Le recours à des cartes d'identification
électronique des électeurs est prévue pour
le prochain scrutin. La participation électorale est toutefois en baisse puisque
moins de 40% des votants se sont présentés aux urnes lors des dernières élections
locales. « L'indifférence à l'égard des élections reflète une indifférence à l'égard du
système politique, affirme M. Sangster.
Beaucoup de nos concitoyens estiment
que leur vote ne changera rien ». Les
Jamaïcains semblent donc remettre leur
cadre institutionnel en question. « Le
manque de transparence détourne les
citoyens de leurs élus - au profit de leaders des collectivités locales.

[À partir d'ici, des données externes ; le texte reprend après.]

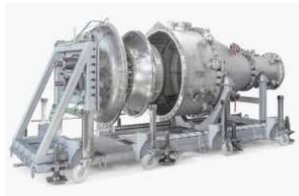
Fig. 47: SABRE engines are capable of Mach 5.4 in air-breathing mode and Mach 25 in rocket mode for space flight

Current jet engines can only power a vehicle up to Mach 3, three times the speed of sound, Reaction Engines explains on their website. A Mach number is a dimensionless quantity representing the ratio of flow velocity past a boundary to the local speed of sound.

Le manque de
confiance dans le système judiciaire et la
police a donné lieu à des manifestations
de rue. Le sauvetage même du secteur financier a été perçu par certains comme une
récompense du gouvernement à la mauvaise gestion. »
M. Sangster n'est pas le seul à penser
de la sorte. La manifestation contre l'augmentation de la taxe sur le carburant est
un exemple « de violence extrême qui
entre en résonance avec le mécontentement économique », affirme Peter Moses,
président de la commission chargée de
trouver des solutions. L'absence d'expansion économique, le manque de perspectives pour les jeunes et le phénomène
d'exclusion ont été, plutôt que le prix de
l'essence, les causes réelles de cette
protestation. Pour Trevor Monroe, la
réponse doit probablement être trouvée
dans une plus grande transparence et des
mécanismes plus adéquats de réparation:
la Police Complaints Authority existe mais
personne ne sait où ni comment y faire
appel ! » Soucieux de l'opinion publique, le
gouvernement a organisé une vaste table
ronde en janvier pour évoquer la plupart
des domaines problématiques. Une législation est à l'étude en vue de réformer la
Constitution, d'instituer une Charte des
Droits et de mettre en place des mécanismes anti-corruption.
Dans son analyse de l'expérience jamaïcaine, le Professeur Rex Nettleford affirme
que « trente-sept ans ne représentent pas
une période très longue dans l'histoire d'un
pays, quel qu'il soit. La Jamaïque a encore
beaucoup d'étapes à franchir, que ce soit
en tant que nation ou en tant que société.
Il est amusant de constater que l'on imagine que l'indépendance règle tout du jour
au lendemain. N'oublions pas que les
Etats-Unis, 90 ans après leur indépendance, ont connu l'une des guerres les
plus sanglantes de l'histoire du monde. Or
la Jamaïque en est encore à définir son
identité et sa finalité. » Tout au long de leur
histoire, les Jamaïcains ont trouvé l'espoir
dans leur désespoir. Leur optimisme et
leur foi inébranlable dans leur capacité de
survie et de rédemption ont forgé leur caractère et inspiré leur culture.